The transcripts are the main event.

What the Transcripts Actually Reveal

Rousseau describes two candidates who submitted functionally identical code. Traditional review would have rated them equally. The transcripts told a different story.

One candidate asked targeted questions about Slack API edge cases and caught a mistake in the AI's webhook retry handling before it became a bug. The other pasted the entire spec into a single prompt, got code back, and kept resubmitting variations until something passed.

Same output. Completely different engineering capability. Without the transcripts, you'd never know.

Rootly's reviewers now focus on four signals in the transcripts:

  • Problem decomposition - Did the candidate break requirements into logical chunks, or dump everything at once?
  • Course correction - When the AI went off-track, how fast did they catch it?
  • Domain understanding - Do the prompts show the person actually understands what they're building?
  • Iteration quality - Are they refining based on understanding, or just reprompting randomly?

The Uncomfortable Implication for Developers

This approach assumes that the code itself is no longer the hard part. For a lot of tasks, that's already true. Tools like Cursor, Claude Code, and GitHub Copilot can produce working implementations from decent prompts. The skill gap has shifted from "can you write this function" to "do you know what function needs to be written, and can you tell when the AI got it wrong."

That's a meaningful distinction. A junior developer who deeply understands the problem domain and uses AI as a force multiplier might outperform a senior developer who treats it as a magic box. The transcript makes that visible in a way that code review alone cannot.

There's a practical concern here too. Requiring candidates to share their full AI chat history is a level of process transparency that cuts both ways. It shows genuine thinking, but it also means candidates need to be comfortable with someone reading every false start and backtrack. Some strong engineers might find that invasive.

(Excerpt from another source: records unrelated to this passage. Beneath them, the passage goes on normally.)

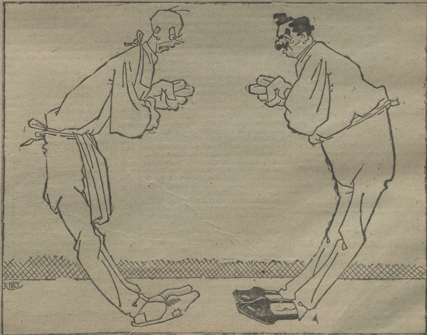
EL CONFLICTO DEL PAN Un paréntesis.

Facilitados los medios precisos, fue conducido el paciente a la mencionada Clínica municipal, en donde los facultativos de guardia procedieron a practicarle la cura de urgencia, apreciando le diversas heridas contusas en la ca-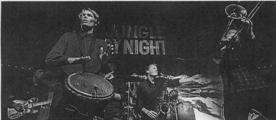
Jungle by night, une formation déjantée venue d'Europe du Nord.

Du 8 au 26 novembre, aura lieu la 27 e édition du festival organisé par la MJC Bréquigny, pour favoriser le dialogue entre les cultures. Des concerts seront proposés dans une vingtaine de lieux.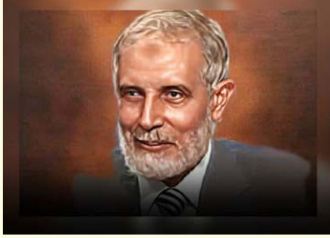
الدكتور محمود عزت نائب فضيلة المرشد العام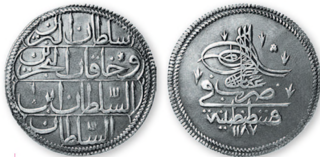
Османская империя. Абдул-Хамид I. Куруш (40 пара). Константинополь. Серебро. 1187 г. хиджры (1774 г.). 38 мм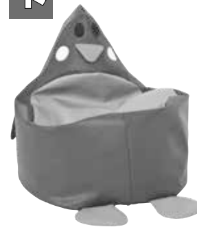
■ NS1985- Pingwin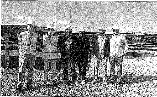
Responsables de Endesa, del Govern y de Protur Hotels visitaron las instalaciones.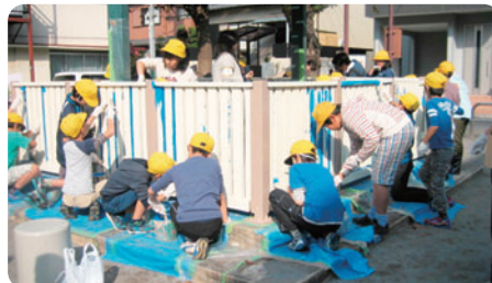
ペイント活動の様子

担当教員、PTA本部役員、学年委員の皆さんが事前に打ち合わせを重ね、今回初めて授業の中で実施することができました。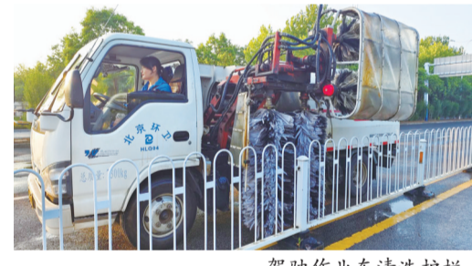
驾驶作业车清洗护栏。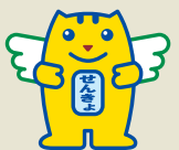
明るい選挙のイメージキャラクター「選挙のめいすいくん」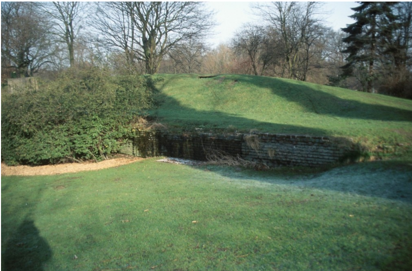
Die Kasematte im Heubergpark von außen. Es handelt sich um einen mit Gras bewachsenen Hügel, an dessen unterem Rand eine Ziegelmauer mit einem vergitterten Bereich zu erkennen ist (2014).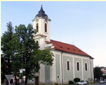
Kostel sv. Vavřince v Žebráku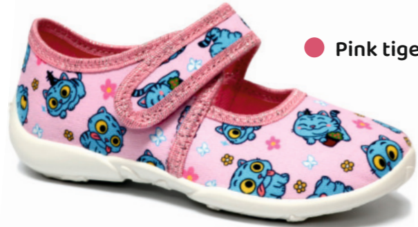
● Pink tiger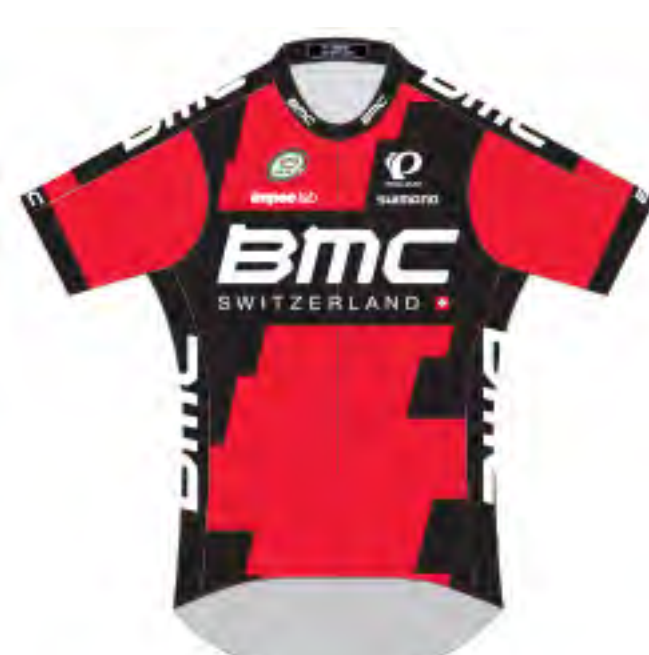
BMC Racing Team (USA)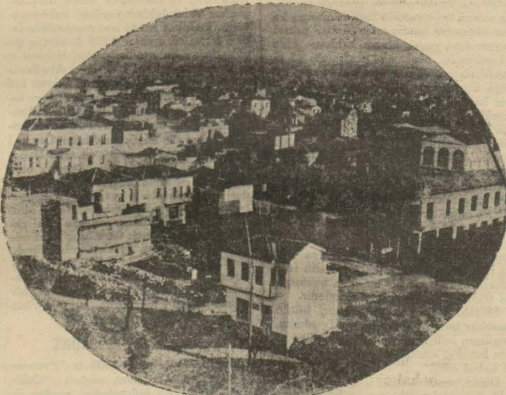
Nazilliye umumî bir bakış

NAZILLI (Milliyet) — Nazillimiz Aydın demiryolunun 176 ncı kilometresinde ovaya hakim hafif meyilli bir ertazi üzerindedir. Denizden yüksekliği 85, 7 metredir. Şimalindeki yeşil dalgalı tepeler şehrin manzarasını bir kat daha güzelleştirir. Tren hattı şehrin ortasından geçer bu suretle Nazilliyi ılıyeye ayırır. Büyük menderes nehri şehirden beş kilometre ileridedir. Nazilli ısgal zamanında hemen tamamile yanmıştır. Bugün harabe yerinde yeni bir şehir kurulmuştur. Muntazam cadde ve sokakları şık ve yeni binalarile Nazilli bu havalinin en güzel ve modern bir şehri olmuştur. Şehir gittikçe güzelleşmekte ve büyümektedir. Her gün yeni bir binanın temellerinin atıldığı ve çatılarının kurulduğu görülür. Başlıca istihlalât pamuk olan bu şirin kasabanın halkı çalışkandır. Kasabamızda on iki bin nüfus yaşamaktadır. Aynı zamanda nüfus adedi gittikçe yükseliyor.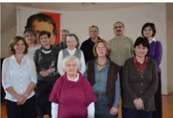
A szalézi munkatársak tanácsa

Életünket itthon, helyi csoportjainkban kell élni, együtt a szerzetesekkel. Ehhez nyújt segítséget, hogy lefordítottuk, megjelentettük az Apostoli Élet Szabályzatának legfrissebb változatát, mindenki tudhatja, mihez kell tartania magát. Sok új ígérettétel és ígéret-megújítás is történt. Gyönyörű tanúságtételeket olvashattunk, tagjaink hétköznapi áldozatokkal teli szolgálattal telnek, függetlenül attól, hogy ki hány éves.

Still, compared to the alternative - pretending AI tools don't exist and hoping candidates didn't use them - this feels like a more honest approach. The industry has been stuck in an awkward limbo where take-homes implicitly ban AI assistance while knowing full well that everyone uses it. Rootly's model at least acknowledges reality and evaluates what actually matters: whether you can think through a problem, not whether you can type out the solution.